The district doubled its 4,000-officer force with outside police for President Barack Obama’s inauguration, which drew 1.8 million people. The extra officers were used mostly for crowd control, Burke said. Washington’s G-20 gathering in November was uneventful, even without extra police, he said.
“Even when there are crowds for demonstrations, you have to keep in mind people’s First Amendment rights. You have to balance that with the need for security,” Burke said.
Seattle’s retired police chief, Norm Stamper, said Harper’s estimate of 4,000 officers shows Pittsburgh has learned from rioting outside the 1999 World Trade Organization meetings.
“We didn’t have nearly that many officers and that was a huge problem,” Stamper said.
Stamper had about 900 officers plus brass and detectives who hadn’t done street duty in years and a few hundred from outlying departments.
But the Seattle police weren’t mentally prepared for violence despite problems at a WTO event in Geneva months before.
“We naively assumed this was a European phenomenon, and that we had not seen that kind of violence in this country since the anti-war movement of the 1960s and 1970s,” Stamper said.
In Seattle, police arrested about 500 protesters out of an estimated 50,000 that descended on that city for the WTO meeting. That included 175 people who sued for wrongful arrest, saying they merely staged a peaceful protest in an area deemed a “no protest zone” by the police. The city’s insurance carrier settled those claims for $1 million.

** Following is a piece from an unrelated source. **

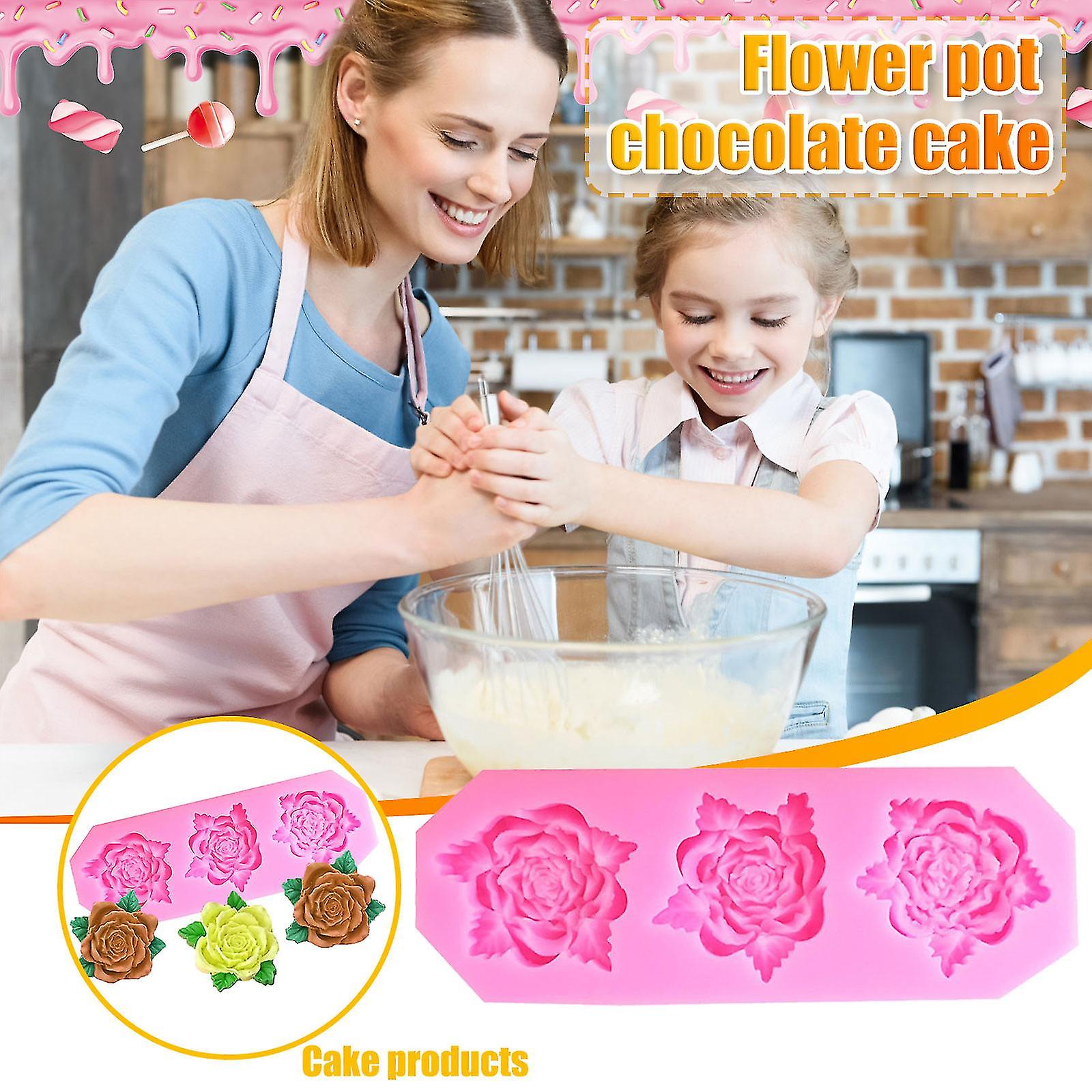 3 Roses Flowers Roses With Leaves Fondant Silicone Mold Baking Cake Decoration

Organizers in Pittsburgh have said only that several thousand protesters are expected in September.
Advocates for the protesters have already told city officials that outfitting police in riot gear would fuel violence. Mayor Luke Ravenstahl has said he wants to prevent problems by meeting beforehand with protest groups.
Stamper found out that’s no guarantee.
He said he even mapped out plans for protesters to get TV face time as they were arrested, but anarchists still hurled bricks then blended into crowds by pushing baby carriages or wearing costumes. That prompted the decision Stamper most regrets, firing tear gas that he says escalated the melee.
“Philosophically, if I need to be pigeonholed, I would be on the side of those who opposed the WTO,” Stamper said. “But, I’m sorry, you can’t throw a brick to send that message.”
Harper says police should arrest only those who threaten health and safety.
Allegheny County plans to process arrestees at its family law center - the former county jail with room for about 250 prisoners.
“We’re going to be preparing for, obviously, mass arrests,” court administrator Ray Billotte said. “We hope it doesn’t come to fruition, but if it does we’ll be prepared.”